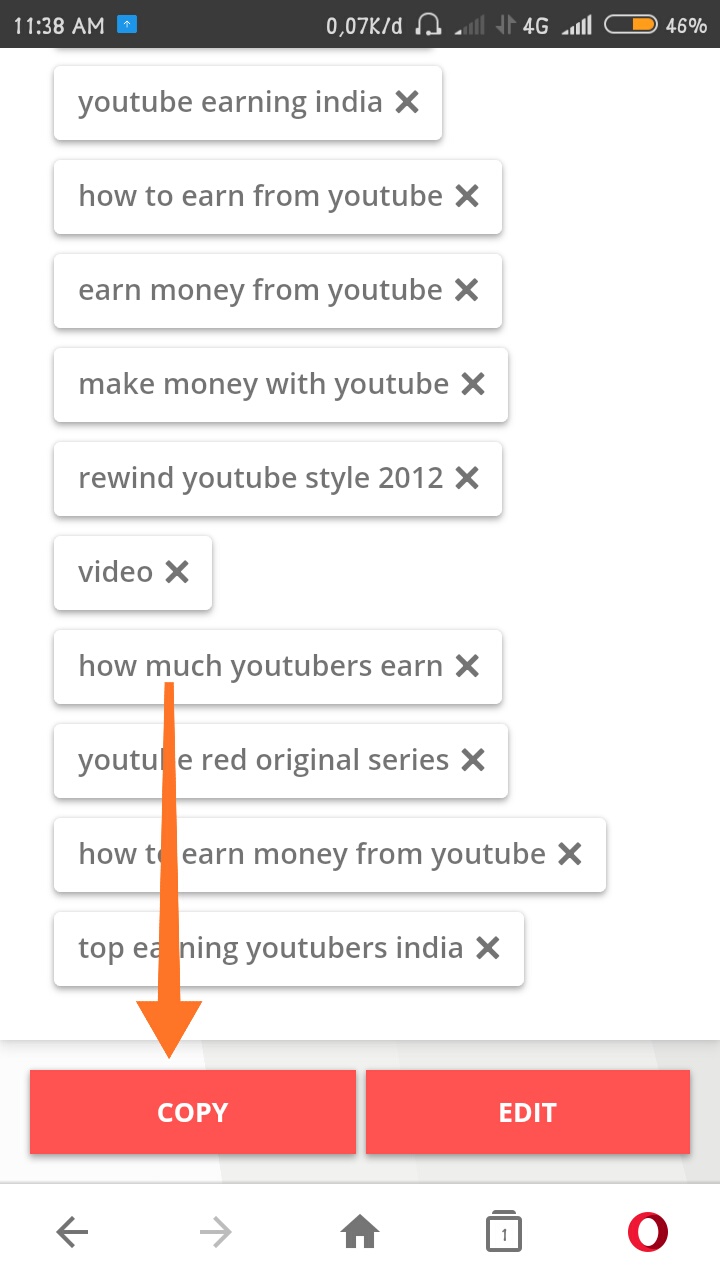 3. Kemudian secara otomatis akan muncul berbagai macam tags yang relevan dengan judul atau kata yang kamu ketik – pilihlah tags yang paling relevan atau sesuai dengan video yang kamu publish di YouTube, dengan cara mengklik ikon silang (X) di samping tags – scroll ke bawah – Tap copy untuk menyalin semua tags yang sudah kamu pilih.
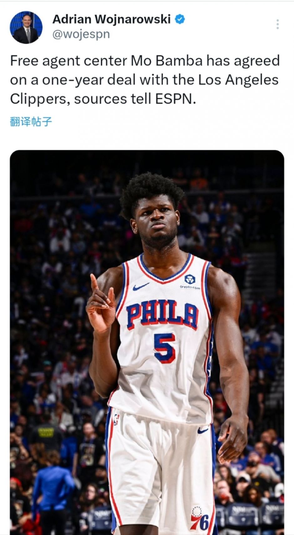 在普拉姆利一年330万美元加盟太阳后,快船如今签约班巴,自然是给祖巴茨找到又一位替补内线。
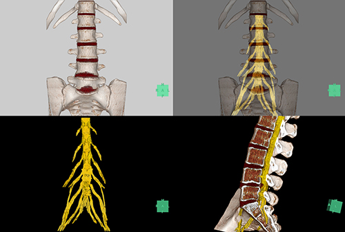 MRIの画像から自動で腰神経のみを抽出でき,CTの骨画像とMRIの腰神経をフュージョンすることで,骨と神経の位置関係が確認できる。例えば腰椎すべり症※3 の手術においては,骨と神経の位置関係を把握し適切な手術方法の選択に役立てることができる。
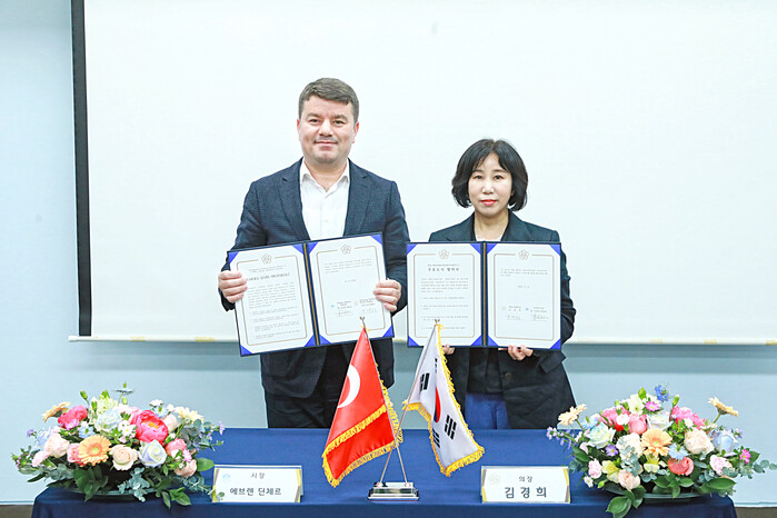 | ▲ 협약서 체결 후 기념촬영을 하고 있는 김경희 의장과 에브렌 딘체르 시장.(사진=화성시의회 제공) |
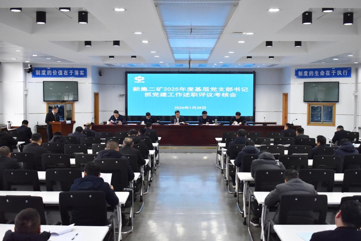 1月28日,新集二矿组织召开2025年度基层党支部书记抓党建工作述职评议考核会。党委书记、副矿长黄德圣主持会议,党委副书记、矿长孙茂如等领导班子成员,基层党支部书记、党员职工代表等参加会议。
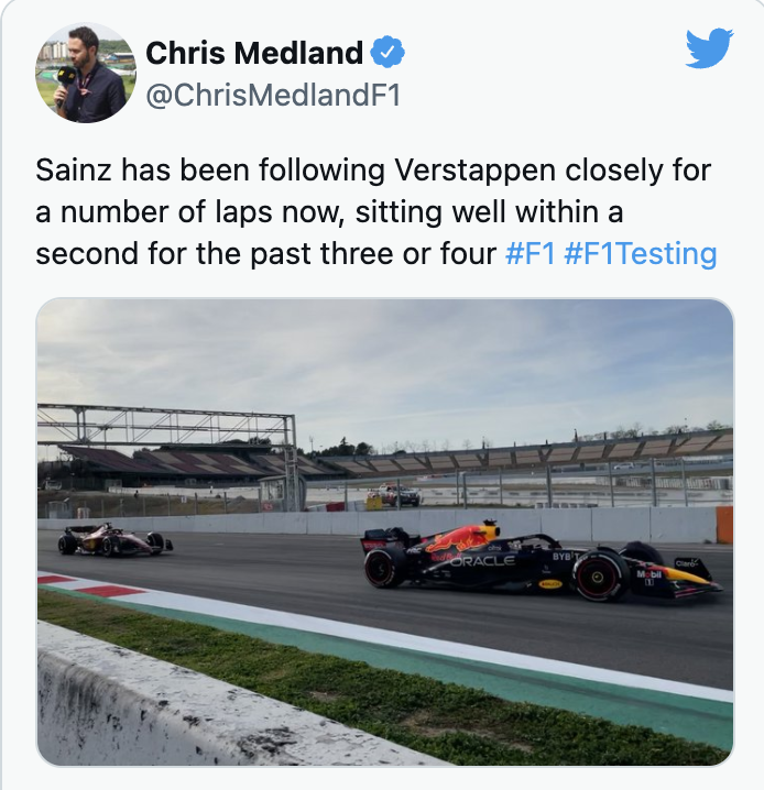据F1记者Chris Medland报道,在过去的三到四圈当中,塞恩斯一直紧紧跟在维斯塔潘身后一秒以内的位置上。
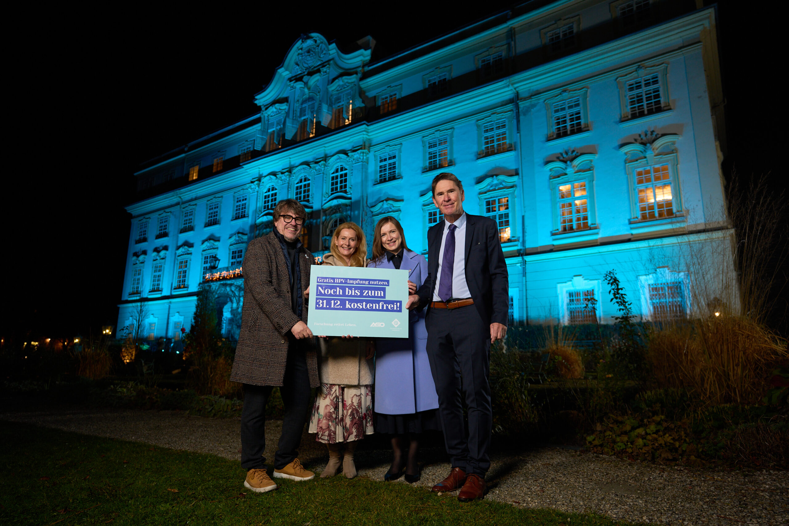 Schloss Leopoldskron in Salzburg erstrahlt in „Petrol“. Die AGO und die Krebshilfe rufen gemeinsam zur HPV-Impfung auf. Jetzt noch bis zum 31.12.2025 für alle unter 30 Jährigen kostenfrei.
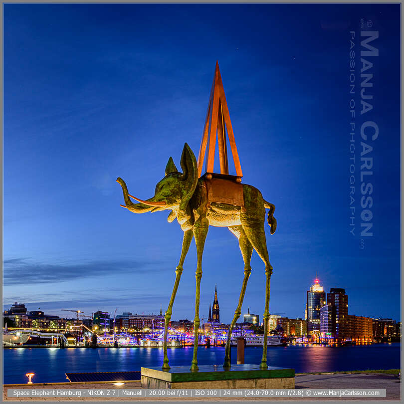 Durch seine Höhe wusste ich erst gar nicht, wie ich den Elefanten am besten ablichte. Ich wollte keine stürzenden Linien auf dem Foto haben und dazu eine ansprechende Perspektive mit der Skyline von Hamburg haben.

···

◆ **WORK REQUIRED**: From the records above, copy exactly the stretch from the line holding "MRIの画像から自動で腰神経" through the line holding "据F1记者Chris Med", both ends included, without the pictures.

◆ **ANSWER SPACE**:
 MRIの画像から自動で腰神経のみを抽出でき,CTの骨画像とMRIの腰神経をフュージョンすることで,骨と神経の位置関係が確認できる。例えば腰椎すべり症※3 の手術においては,骨と神経の位置関係を把握し適切な手術方法の選択に役立てることができる。
 | ▲ 협약서 체결 후 기념촬영을 하고 있는 김경희 의장과 에브렌 딘체르 시장.(사진=화성시의회 제공) |
 1月28日,新集二矿组织召开2025年度基层党支部书记抓党建工作述职评议考核会。党委书记、副矿长黄德圣主持会议,党委副书记、矿长孙茂如等领导班子成员,基层党支部书记、党员职工代表等参加会议。
据F1记者Chris Medland报道,在过去的三到四圈当中,塞恩斯一直紧紧跟在维斯塔潘身后一秒以内的位置上。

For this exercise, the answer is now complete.